Share

Suamiku Bocil Tajir
Suamiku Bocil Tajir
Penulis: fitosyin

Mendadak Dilamar Bocil

"Atika, Papa akan menikahkanmu dengan pria pilihan Papa dan Mami. Sekarang dia dalam perjalanan ke sini untuk melamarmu."

Niat hati ingin menyapa ayahnya yang terbaring lemah karena stroke yang melanda tubuhnya, Atika justru dikejutkan dengan ucapan yang tak pernah disangka olehnya.

Mencoba meredam rasa terkejutnya, Atika menghampiri ayahnya, dan duduk di sampingnya. Tangan wanita itu sigap menyentuh tangan sang ayah, dan memijatnya dengan halus.

"Pa, Tika tahu, kalau Papa kepikiran sama umur Tika yang udah gak muda lagi, tapi, ini terlalu cepat dan tiba-tiba. Tika perlu mengenal pria itu lebih dulu, Pa." ucap Tika, menatap sosok ayahnya dengan sendu. 

"Jangan khawatir, pria itu orang baik-baik. Mami dan ibunya dulu sahabat dekat, jadi kamu gak perlu khawatir dengan asal-usul keluarganya," kata ayahnya berusaha menenangkan.

Tetapi yang terjadi sebaliknya.

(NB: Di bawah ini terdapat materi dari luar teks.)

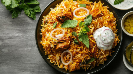 This vibrant plate features aromatic biryani topped with fresh mint and accompanied by yogurt and pickles, creating a delicious culinary experience.
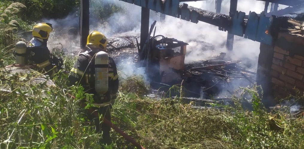 Um incêndio atingiu uma residência na manhã desta sexta-feira, 21, na Linha Santana de Bela Vista, no interior de São Lourenço do Oeste, por volta das 8h45.
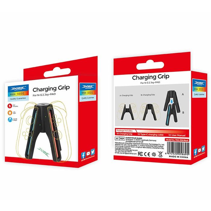 DOBE CHARGING GRIP 2 MODEL DESIGN WITH 1 CHARGER FOR NINTENDO SWITCH 2 JOYCON JOY CON / NSW2 / NS2 TNS-3156
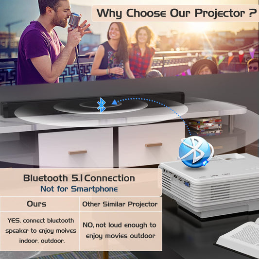 Updated Mini Projector with Bluetooth and Projector Screen, Full HD 1080P Portable Video Projector, Home Theater Movie Projector Compatible with HDMI,USB,AV,Laptop,Smartphone
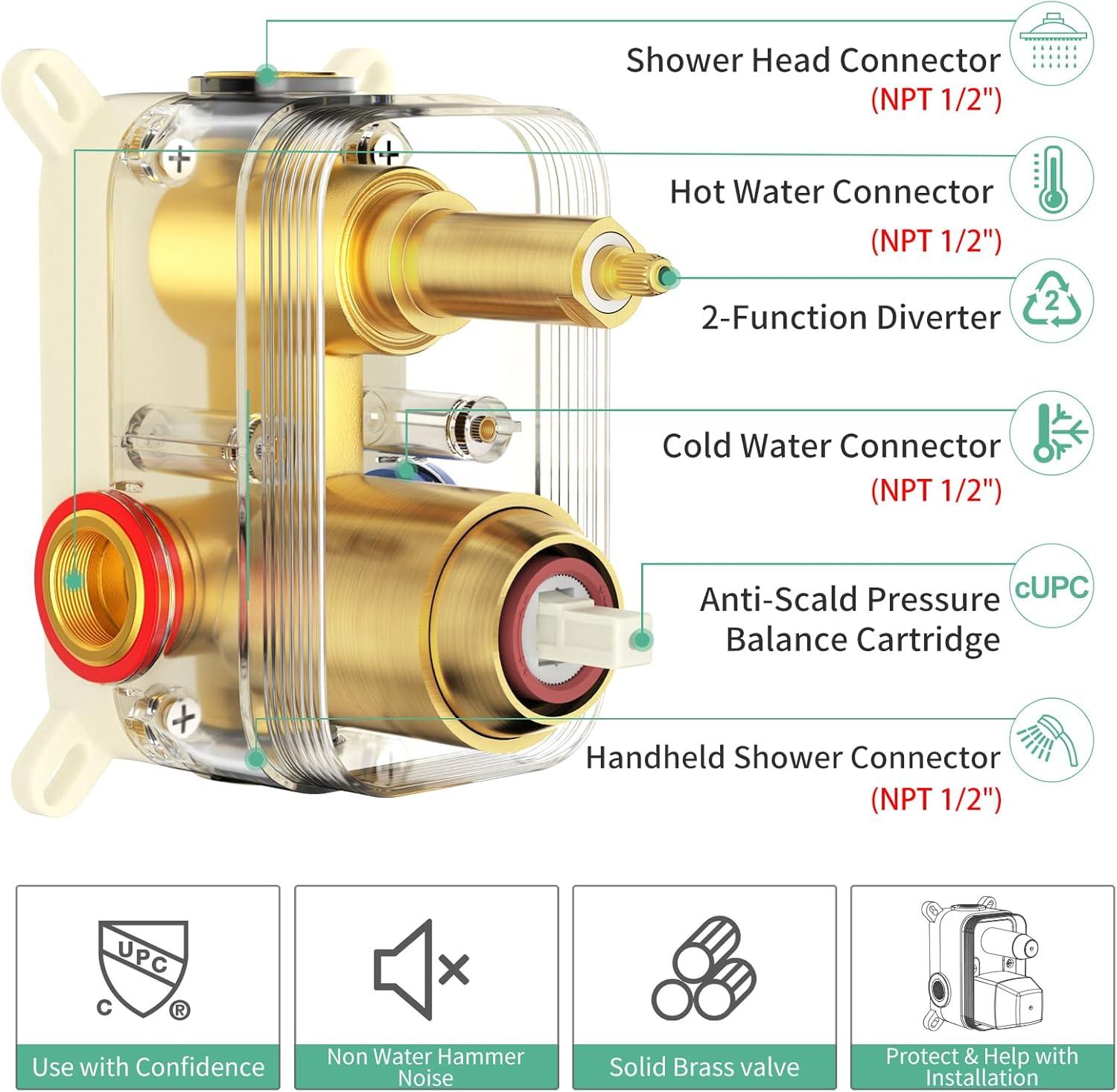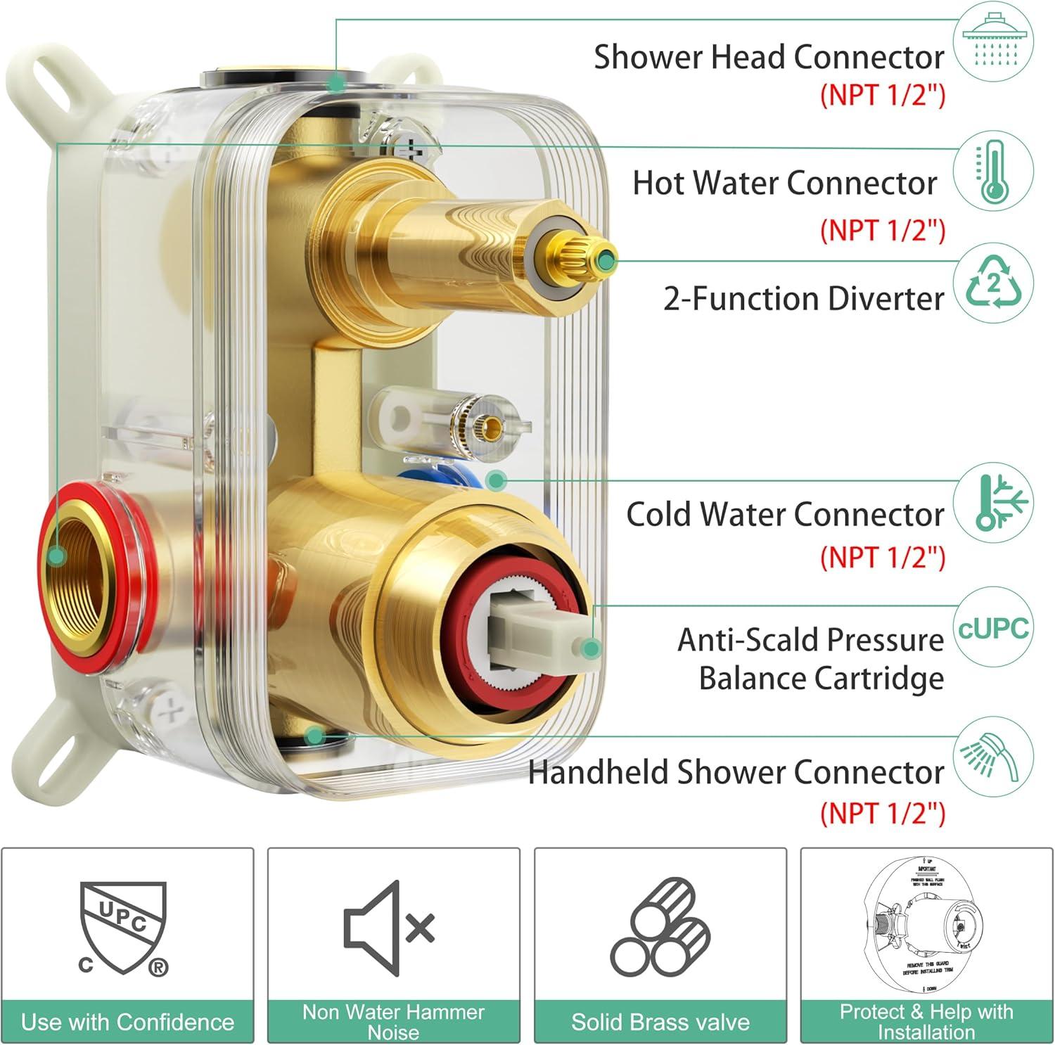 Prevent Water Hammer: The pressure balance valve has built-in two check valves to effectively eliminate water hammer noise. The pressure balance valve's cartridge monitors water pressure balance, helping to protect you from being scalded by sudden changes in hot or cold water pressure.
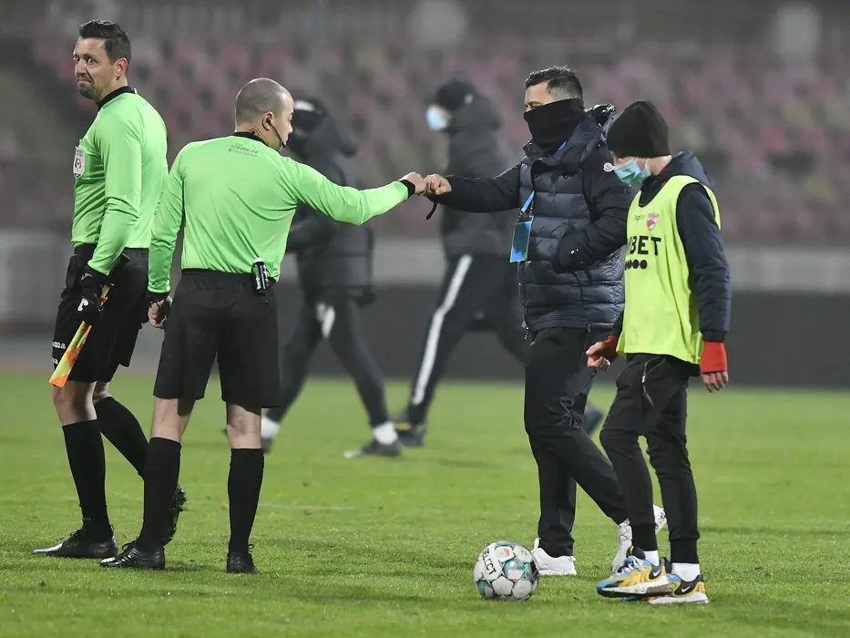 Cosmin Contra ii saluta pe arbitrii Daniel Mitruti si Marius Avram dupa meciul de fotbal dintre Dinamo Bucuresti si Viitorul Constanta, contand pentru Cupa Romaniei, desfasurat fara spectatori pe Stadionul Dinamo din Bucuresti, sambata 28 noiembrie 2020. © FOTO:Razvan Pasarica/SPORT PICTURES
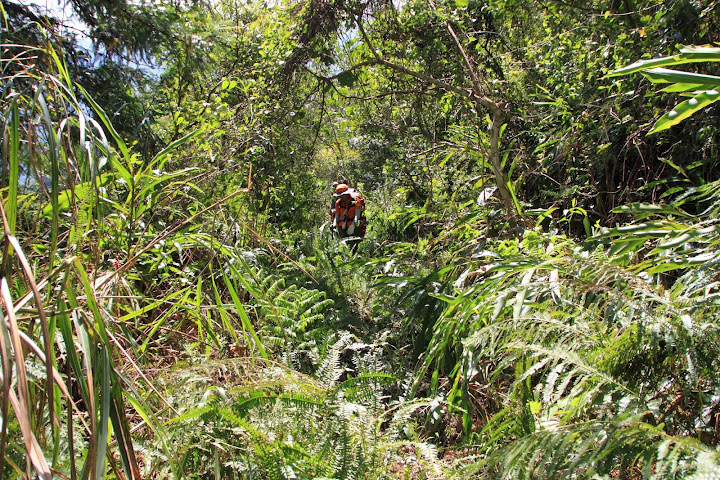 溪壩,時而走在荒廢的武界林道上,時而沿林徑布條下切而行,走在武界林道
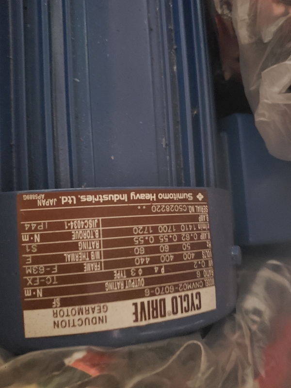 - C3【棚2832111】サイクロ減速機 0.2Kw 1410/1700/1720/min 400/440V 50Hz 0.62/0.55 CNVM02-6070-6 住友 新品
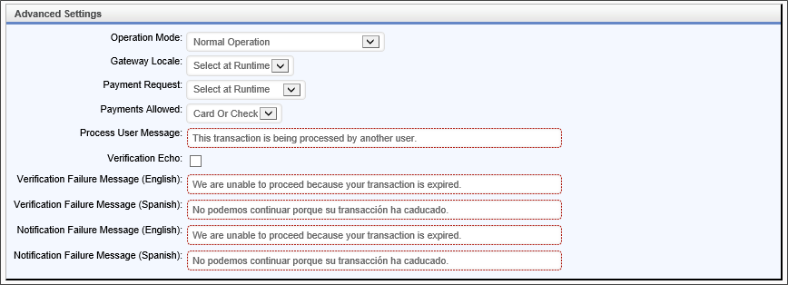 - Response Fail Code = “ERROR (BOA-code)”, where “code” is a Bank of America payment failure code. (See the Bank of America document “Payment Collection Gateway – Testing Information and Checklists – Gateway Solutions User Guide – Version 4.6” for an explanation of the code.)
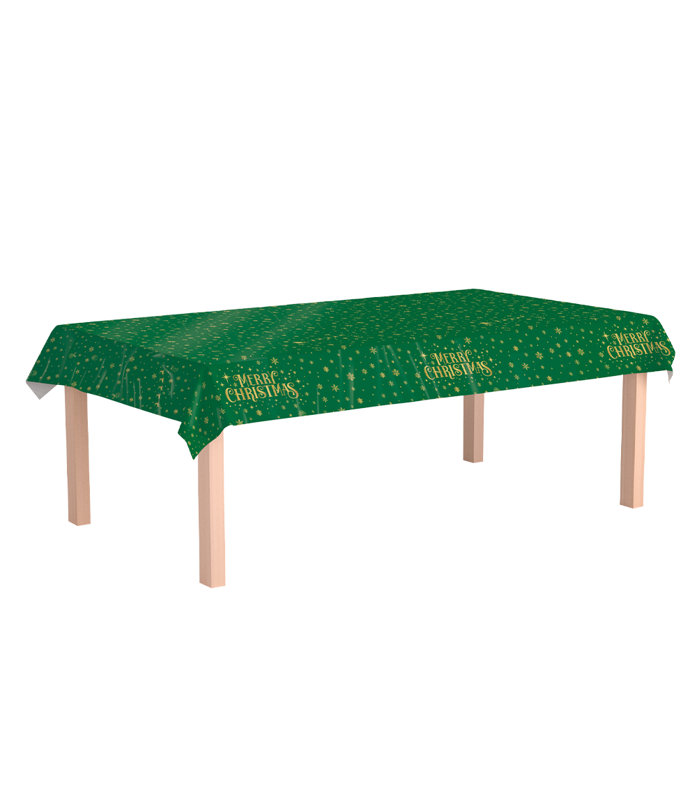 Crea un acogedor y cálido ambiente navideño con este festivo Mantel Feliz Navidad en verde, rematado con detalles dorados. Decorado con alegres motivos navideños, es ideal para la cena de Navidad, el brunch o las copas.
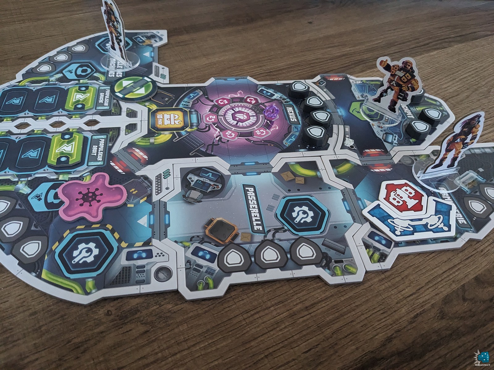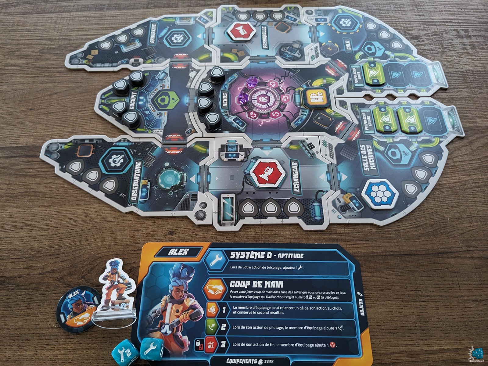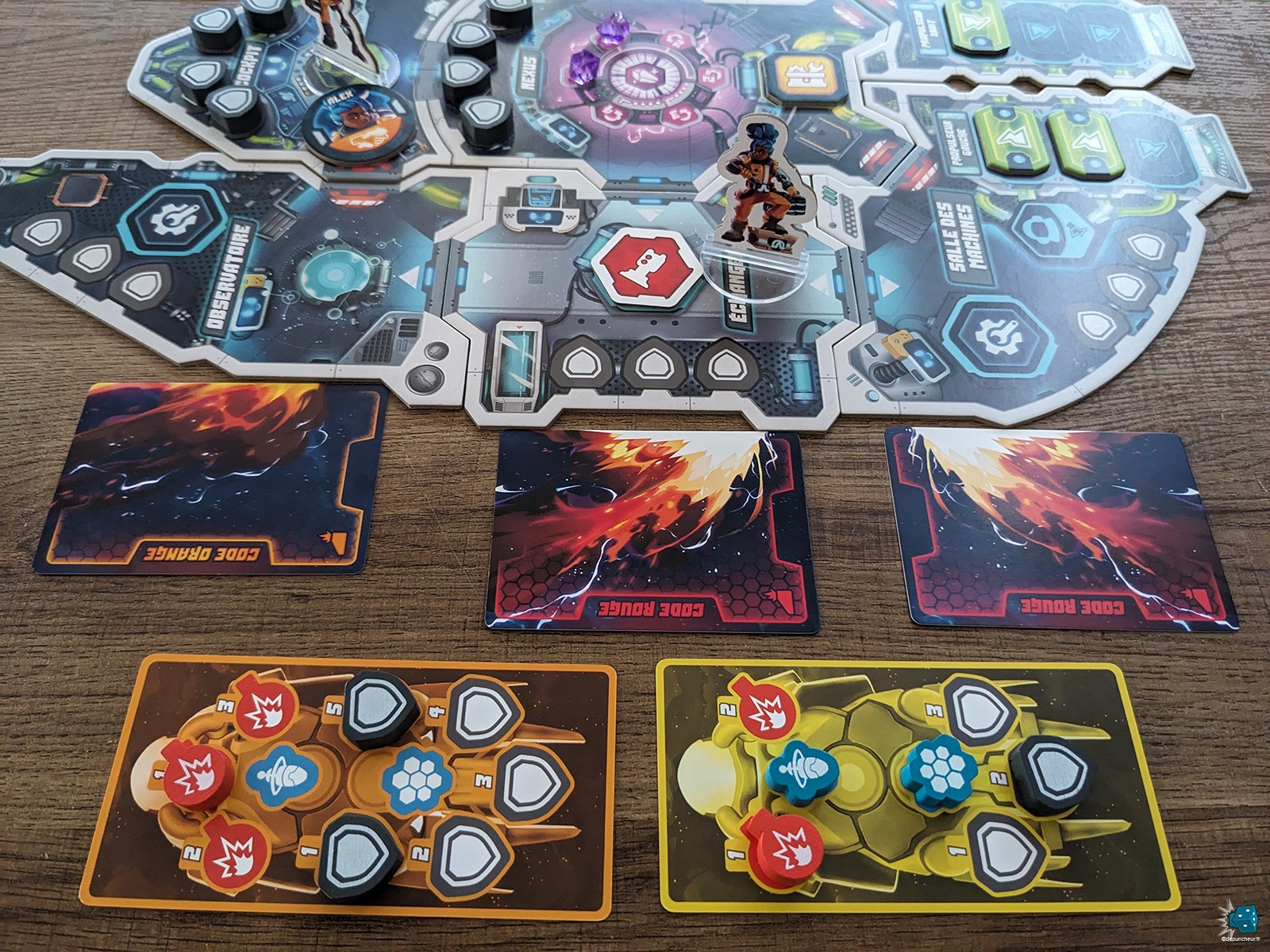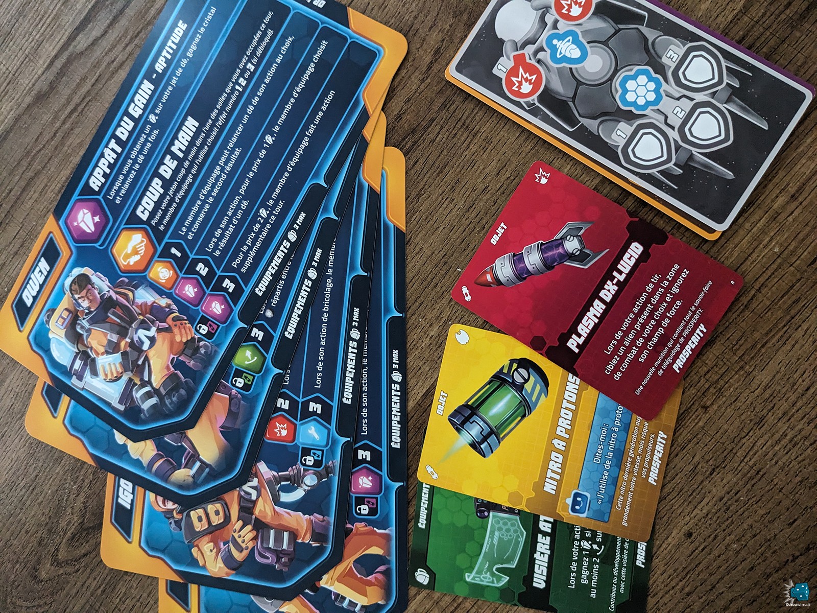 C’est devenu un standard dans le jeu de société moderne, mais ici encore, le matériel est d’une qualité irréprochable : cartons épais pour les modules du vaisseau, jetons solides pour les blindages, cristaux translucides en guise de monnaie et des cartes à la finition impeccable. Tout est clair, net, agréable en main et surtout, extrêmement fonctionnel. Mention spéciale au thermoformage : chaque élément trouve sa place naturellement dans un rangement à la fois pratique et élégant. J’ai déjà vu des inserts vendus séparément bien moins optimisés que cette boîte de base. Chapeau bas à Arkada Studio.
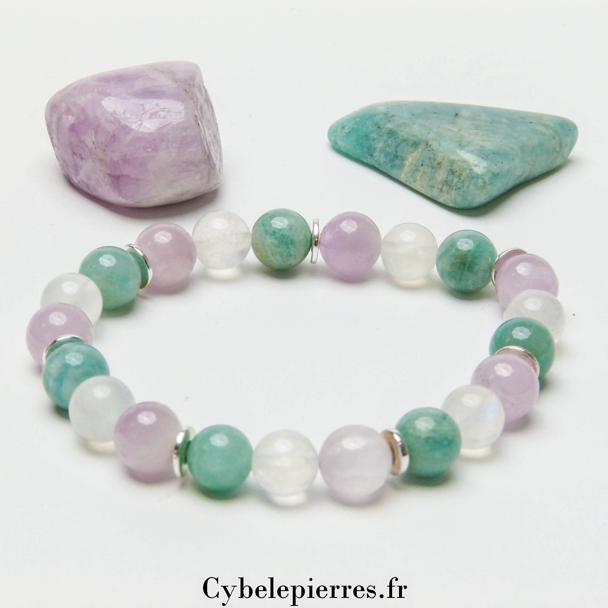 Ce bracelet en pierres naturelles allie la Kunzite, la Péristérite (Labradorite Blanche) et l’Amazonite, offrant une énergie douce et réconfortante, idéale pour la sérénité émotionnelle et l’équilibre intérieur.

Atika justru semakin tak tenang mengetahui bahwa calon suami pilihan ayahnya adalah anak dari sahabat Mami Anyelir.

Atika pernah membayangkan bahwa pernikahan adalah salah satu pintu gerbang kebebasannya dari neraka yang dibuat Mami Anyelir dan Cindy, ibu dan adik tirinya. Karena itu pulalah dulu Atika mengerahkan seluruh upaya untuk memperjuangkan hubungannya dengan Daffa, mantannya. Tetapi saat Daffa mengecewakannya, Atika tak pernah berani berkhayal lagi tentang pernikahan.

 Mendengar calon suaminya kini adalah orangnya Mami Anyelir, Atika sudah dapat membayangkan ia hanya akan keluar dari mulut harimau untuk kemudian masuk ke dalam lubang buaya.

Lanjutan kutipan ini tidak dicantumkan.